No wonder it's so cold in here..:blink::laughing:


----------



## CADPoint (Jul 5, 2007)

It frankly sounds like bad math to say that it cools things, OK, (IMO) the wrong figures where used to say it cools things. This statement detracks from that fact that it's 200% efficient!

From the article - and digest this statement! "Experiments directly confirm for the first time that this behavior continues beyond the conventional limit of unity electrical-to-optical power conversion efficiency."


----------



## bennysecond (Jan 18, 2013)

US is really wonder land. I have already heard about condensation furnaces more than 100% efficiency, alcohol more than 100% ethanol etc. Nice salesman's tricks.


----------



## macmikeman (Jan 23, 2007)

They are finally getting around to letting it out of the bag that led lights can transmit data thru them by altering the on/off frequency of the lamp. I have seen it used in a supermarket to alter prices in a demonstration. Enjoy your mind control.


----------



## Fredman (Dec 2, 2008)

macmikeman said:


> They are finally getting around to letting it out of the bag that led lights can transmit data thru them by altering the on/off frequency of the lamp. I have seen it used in a supermarket to alter prices in a demonstration. Enjoy your mind control.

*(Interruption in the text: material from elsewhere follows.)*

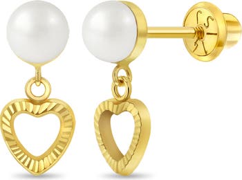 Elegant with a touch of whimsy, these little girls' earrings feature a luminous freshwater cultured pearl at the top, with a delicate heart charm gently dangling below. Crafted from genuine 14k yellow gold, they are hypoallergenic and safe for sensitive skin, ensuring comfort throughout the day. The secure screw back closures keep the earrings firmly in place, making them as practical as they are beautiful. For special occasions or as a meaningful gift, these earrings combine classic charm with youthful sweetness. A gift box is included with purchase.

This is just an extension of the LED/wifi technology that they have used for a while now.


----------



## xlink (Mar 12, 2012)

It makes me think that air conditioners are twice as efficient as we realize, but we waste the heat energy by releasing it into the atmosphere.


----------



## 10492 (Jan 4, 2010)

Theoretically, if the light source used the lightwave to carry the heat produced away from the source, it would in fact, cool it's surroundings.

How to do it is the trick.


----------



## 10492 (Jan 4, 2010)

Here's a thought.

If this new LED is 200% efficient, why don't they reverse engineer it.
What if MIT developed a converter that would take the light output and convert it back to electrical energy. And for numbers sake, let's say the converter is has an inefficiency of 45%. 

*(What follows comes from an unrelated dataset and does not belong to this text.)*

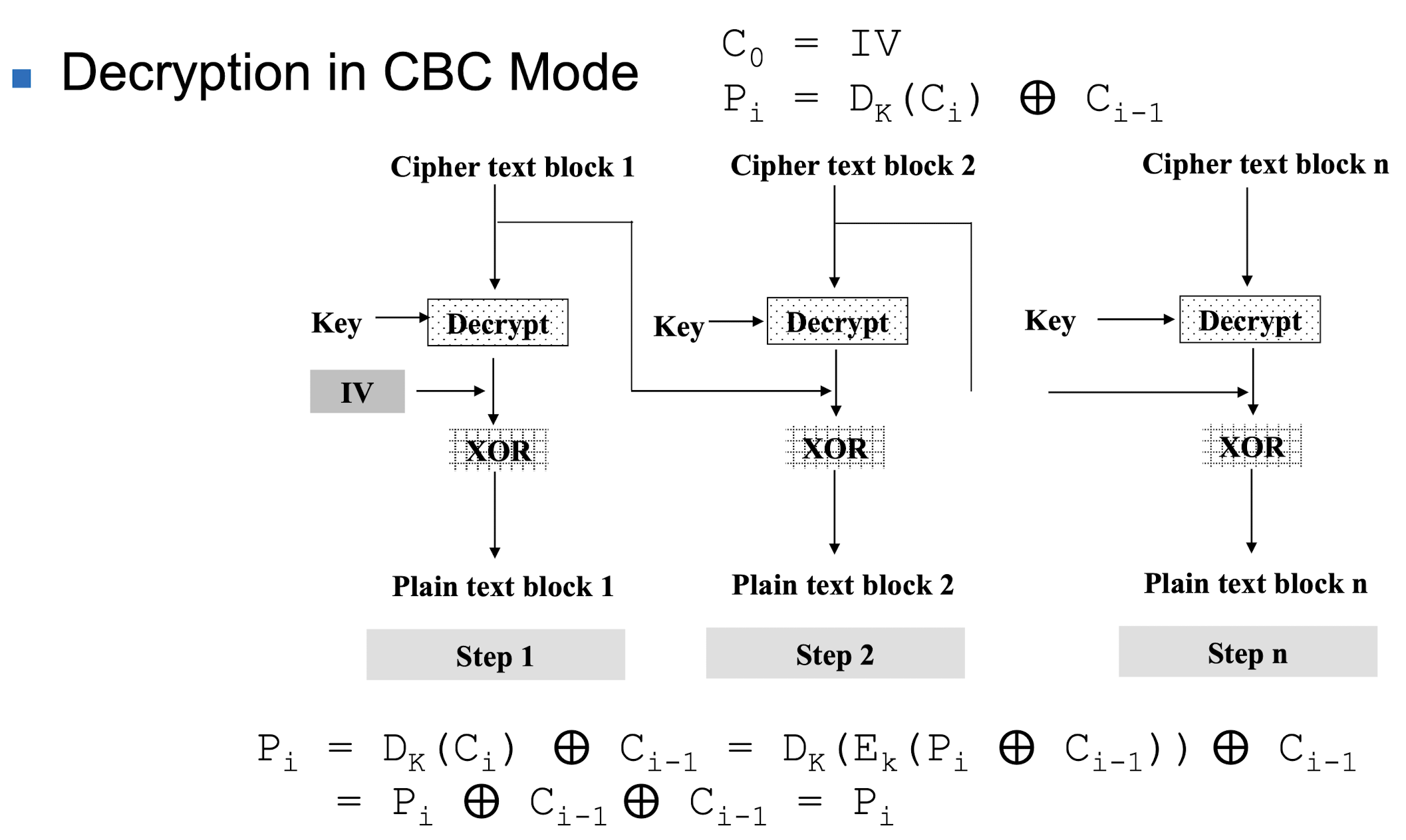- Cⱼ의 단일 오류는 복호화 시 Pⱼ의 대부분 비트에 오류를 생성하고 Pⱼ₊₁의 한 비트만 토글(영향을 줌). Pⱼ₊₂부터 Pₙ은 영향권 밖

Wouldn't this be a free power source?


----------



## Wirenuting (Sep 12, 2010)

Dnkldorf said:


> Here's a thought.
> 
> If this new LED is 200% efficient, why don't they reverse engineer it.
> What if MIT developed a converter that would take the light output and convert it back to electrical energy. And for numbers sake, let's say the converter is has an inefficiency of 45%.
> ...


They are trying to reverse global warming with these new "cold LED's". 
Your converter will only warm the globe back up.


----------



## Deepwater Horizon (Jan 29, 2013)




----------



## uconduit (Jun 6, 2012)

Is anyone concerned about the risk of feeding these solar panels with light from these newfangled cooling LEDs?? 

What if there is a runaway chain reaction that turned the world into an frozen ice cube with a bright LED at the center?


----------



## Big John (May 23, 2010)

It sounded like total BS to me, too, so I looked it up. The gist of it seems to be that it can convert thermal energy at room temperature into light, so it's producing more light than would otherwise be produced by electrical energy alone.

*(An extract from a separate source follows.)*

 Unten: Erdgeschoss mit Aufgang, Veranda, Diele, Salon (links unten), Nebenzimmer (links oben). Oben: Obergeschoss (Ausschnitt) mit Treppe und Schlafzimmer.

It is not, however, producing more light than total energy consumption: It doesn't defy the laws of thermodynamics, and that "200% efficient" claim is obviously just piss poor reporting.


----------



## Deepwater Horizon (Jan 29, 2013)

Big John said:


> It is not, however, producing more light than total energy consumption: It doesn't defy the laws of thermodynamics, and that "200% efficient" claim is obviously just piss poor reporting.



Anyone who reports for news sources should be required to take a basic class in the fundamentals of physics, thermodynamics and electricity in journalism school. It would clean up about 95% of the bad reporting about technical subject matter out there.


----------



## Jlarson (Jun 28, 2009)

Where do I get these magic air conditioning LED's? I'll take about 1,000,000,000 thank you very much.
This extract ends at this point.